La audacia de Gill no solo tuvo premio para él, que pudo disponer de un remedio capaz de aliviar sus dolores, sino también para toda la humanidad. La repentina abundancia de tubocurarina posibilitó que los médicos explorasen su empleo en nuevas aplicaciones, y no tardó en descubrirse un uso terapéutico que marcaría un antes y un después. Este momento llegó a inicios de 1942, cuando el anestesista canadiense Harold Griffith la utilizó por primera vez en una operación quirúrgica y logró de manera simple una relajación muscular desconocida hasta ese momento (Betcher, 1977). Las virtudes de esta innovación eran múltiples: facilitar la intubación del paciente, disminuir la dosis del anestésico principal y mejorar el control de la ventilación mecánica. Solo la coincidencia con la Segunda Guerra Mundial frenó momentáneamente su rápida difusión por el mundo. Por eso, hasta 1946 no se produjo la visita a España de uno de los popularizadores de esta técnica, Robert Macintosh, que tanto sorprendió al ambiente médico de nuestro país gracias a este producto natural.
La tubocurarina revolucionaría la práctica anestésica en los años cuarenta y cincuenta del siglo xx, pero tendría un reinado corto. Pronto se diseñaron otros fármacos con ligeras variaciones en su estructura química que mejoraban sus prestaciones, y fueron paulatinamente sustituyéndola. Continúan utilizándose hoy en día, convertidos ya en un elemento habitual en los quirófanos. Curiosamente, no pertenece a esta categoría el principio activo de la otra planta utilizada como ingrediente principal del curare, la Strychnos toxifera. Se le denominó toxiferina pero su excesiva potencia impidió su aplicación médica. Algo parecido ha ocurrido con el propio veneno tribal del que provienen ambos compuestos, pues el arte de la caza con cerbatana del que es parte esencial prácticamente ha desaparecido. A pesar de contar con una evidente ventaja sobre las armas de fuego –el silencio permite no espantar al resto de las posibles presas–, estas lo han relegado al olvido en la Amazonía. Queda, eso sí, el recuerdo de una sustancia mítica que aterrorizó a varias generaciones de conquistadores y exploradores europeos.
REFERENCIAS
Betcher, A. M. (1977). The civilizing of curare: A history of its development and introduction into anesthesiology. Anesthesia & Analgesia, 56(2), 305–319.
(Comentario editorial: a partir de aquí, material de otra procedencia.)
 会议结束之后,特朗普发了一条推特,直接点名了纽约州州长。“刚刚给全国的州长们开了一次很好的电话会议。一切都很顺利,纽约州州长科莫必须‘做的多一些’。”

Birmingham, A. T. (1999). Waterton and Wouralia. British Journal of Pharmacology, 126(8), 1685–1689. doi: 10.1038/sj.bjp.0702409
Carod-Artal, F. J. (2012). Curares y timbós, venenos del Amazonas. Revista de Neurología, 55(11), 689–698.
Cipolleti, M. S. (1988). El tráfico del curare en la cuenca amazónica (Siglos xviii y xix). Anthropos, 83, 527–540.
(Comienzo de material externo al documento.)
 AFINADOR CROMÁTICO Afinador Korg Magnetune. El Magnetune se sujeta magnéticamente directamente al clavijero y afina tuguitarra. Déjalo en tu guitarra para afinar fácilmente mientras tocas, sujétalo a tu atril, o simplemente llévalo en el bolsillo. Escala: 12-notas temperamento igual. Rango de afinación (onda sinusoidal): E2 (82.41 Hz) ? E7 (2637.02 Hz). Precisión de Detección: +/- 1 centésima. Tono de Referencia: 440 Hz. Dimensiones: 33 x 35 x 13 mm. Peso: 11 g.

Miguel, J., & Vela, R. (1953). Contribución española a la historia del curare. Hypnos, 1, 7–64.
Raviña, E. (2017). Las medicinas de la historia española en América. Santiago de Compostela: Servicio de publicaciones de la Universidad de Santiago de Compostela.
Unzueta, M. C., Hervás, C., & Villar, J. (2000). A new toy: La irrupción del curare en la anestesia española (1946). Revista Española de Anestesiología y Reanimación, 47, 343–351.